To save the green acreage at the North Broadway front of the campus, the developer has proposed to build the two apartment towers on the rear eastern portion of the property, where the campus backs up to a Pace parking lot and then the Interstate 287 barrier.
That location, Davis said, will cause more disruption to 10 Stewart Place condo owners and other residents of Ross and Warren streets. He added that the location would place apartments above the I-287 sound barrier, disturbing future residents there.
“When those people, if this project ever gets off the ground and is built, they are going to come and complain to this board as to how this project was ever built,” Davis told Common Council members.
Ilene Stockel, a resident of 10 Stewart Place, said she feared the disruption from the construction of the proposed apartment towers and assisted-living building would force her to move. “I really started thinking about how sad I felt, knowing I put my life savings into a condo that I may have to move out of for that reason,” she said.

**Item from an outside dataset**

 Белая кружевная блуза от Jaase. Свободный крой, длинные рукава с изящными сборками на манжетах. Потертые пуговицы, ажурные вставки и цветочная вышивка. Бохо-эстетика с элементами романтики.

Of concern to Barbara Allen, a 10 Stewart Place resident and president of the Stewart/Ross Neighborhood Association, is the possibility that the construction could expose hazardous material.
In an amended zoning petition on Oct. 21, WP Development’s environmental consultant, AKRF, acknowledged that open space on the south side of the campus near Ross Street was filled in 2004  as part of an attempt by the Sisters of the Divine Compassion to construct athletic fields.

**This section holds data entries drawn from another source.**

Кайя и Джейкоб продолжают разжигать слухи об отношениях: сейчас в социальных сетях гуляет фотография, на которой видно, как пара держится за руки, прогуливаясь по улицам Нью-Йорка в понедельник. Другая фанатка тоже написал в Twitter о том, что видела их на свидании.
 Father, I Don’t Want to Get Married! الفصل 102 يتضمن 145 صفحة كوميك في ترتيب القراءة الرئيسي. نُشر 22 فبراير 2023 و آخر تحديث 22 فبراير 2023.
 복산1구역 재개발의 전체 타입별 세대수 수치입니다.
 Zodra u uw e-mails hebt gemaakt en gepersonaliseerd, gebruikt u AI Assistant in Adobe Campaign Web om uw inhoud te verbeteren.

A later state Department of Environmental Conservation (DEC) inspection found that the backfill used for the project contained construction and demolition debris, including asphalt and crushed concrete. The material was used without the required DEC permission and the owners filed a state-ordered remediation plan for the site. The DEC certified that Sisters of the Divine Compassion had complied with all remedy steps in 2014, according to the AKRF memo.

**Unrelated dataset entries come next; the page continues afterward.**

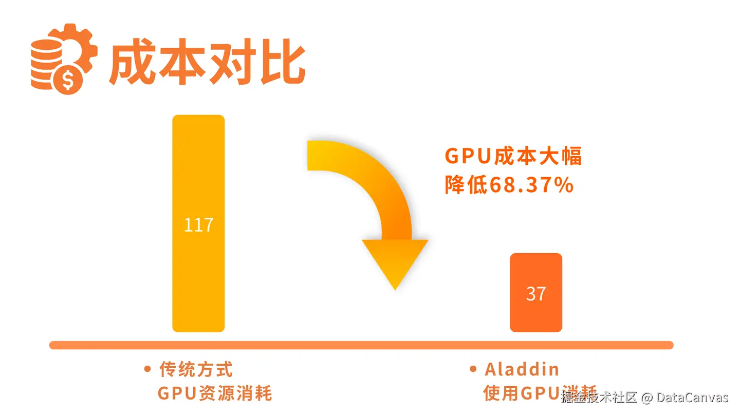在复现DeepSeek Aha Moment实践中,传统方式GPU资源消耗为117,而Aladdin方式GPU资源消耗仅为37,GPU算力成本大幅降低68.37%。
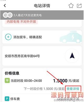 1、打开顺易充APP,在地图首页上点击进入到电站的详情介绍界面,然后就可以看到价格信息,用户可以点击“查看详情”功能。
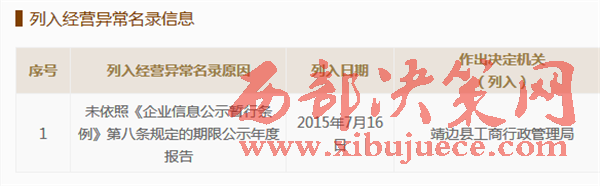 靖邊興發(fā)公司2015年7月16被工商部門列入經(jīng)營(yíng)異常名錄
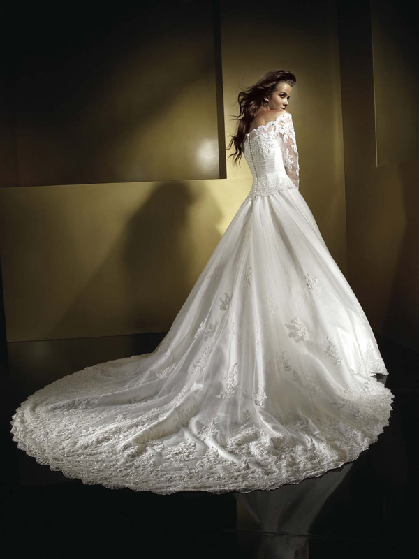 Satin gown.Tull overlay.Beaded Embroidery lace. Long sleeve. with Sweep train
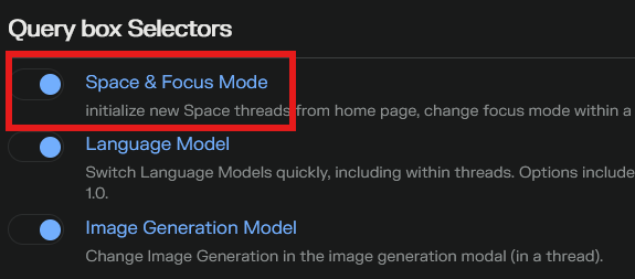 - Spaces that have files uploaded will have an extra focus mode option to include files in the context.
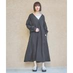 【SALE/77%OFF】clear クルミボタンVネック長袖ロングワンピース クリア ワンピース・ドレス ワンピース ブラウン グレー ベージュ

Allen asked the city to hire an independent environmental consultant to review the possibility of hazardous material at the site.
“Before any rezone is considered,” she said, “we need to know what lies beneath on this property. Has it ever been maintained? Ever been monitored? And is there anything that any of us could have been already exposed to?”
Geoff Thompson, a spokesman for the project, told the Business Journal in a statement that soil samples taken from the site before its purchase confirmed it was safe for construction, as long as standard protective measures were put in place, such as dust wetting.
“The DEC has clearly stated that there are no open enforcement proceedings against the site,” Thompson said. “There is no toxic material.”
The company said it is working closely with the DEC, which will have to approve a plan for construction on the site.
The assisted living and memory care facility would be at the center of the campus and contain 80 beds for assisted living and 45 for residents with some form of dementia. It would be operated by Sunrise Senior Living, a Virginia-based company that operates more than 300 assisted living facilities in North America and the United Kingdom. The company manages Sunrise at Crestwood in Yonkers and Sunrise at Fleetwood in Mount Vernon.
Pace graduate and professional students would be housed in a four-story, 89,250- square-foot building on the northern end of the property adjacent to the law school. The suite-style housing would hold up to 150 beds.
Pace law school Dean David Yassky has offered support for the project. He wrote to the Common Council to say the housing would make the school “more attractive by providing essentially on-site housing location for our students and their families, eliminating the need for students to find alternative housing locations on their own.”
Pace has no operational involvement in the development and the student housing would be managed by a third party.